Action item | Through the last line of the material below, starting at the line with "Ohio Scholarship Opportunities", return every line exactly and only those.

Provided material |
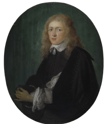
Fig 8. Gerrit Dou, Portrait of Dirck van Beresteyn , GD-111
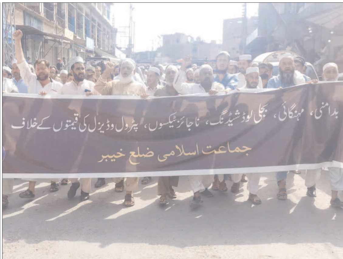
LANDI KOTAL: Political workers, traders and local people holding a rally against price hike of essential commodities in country.
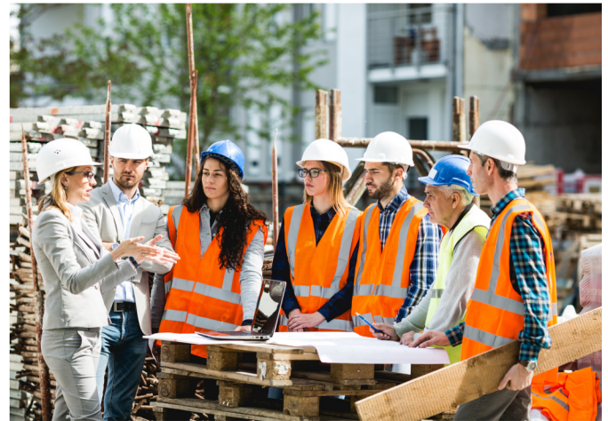
Ohio Scholarship Opportunities and Applications

HTTPS://WWW.IBUILDAMERICA-OHIO.COM/TRAINING/APPRENTICESHIPS/

Response to this exercise |
Ohio Scholarship Opportunities and Applications

HTTPS://WWW.IBUILDAMERICA-OHIO.COM/TRAINING/APPRENTICESHIPS/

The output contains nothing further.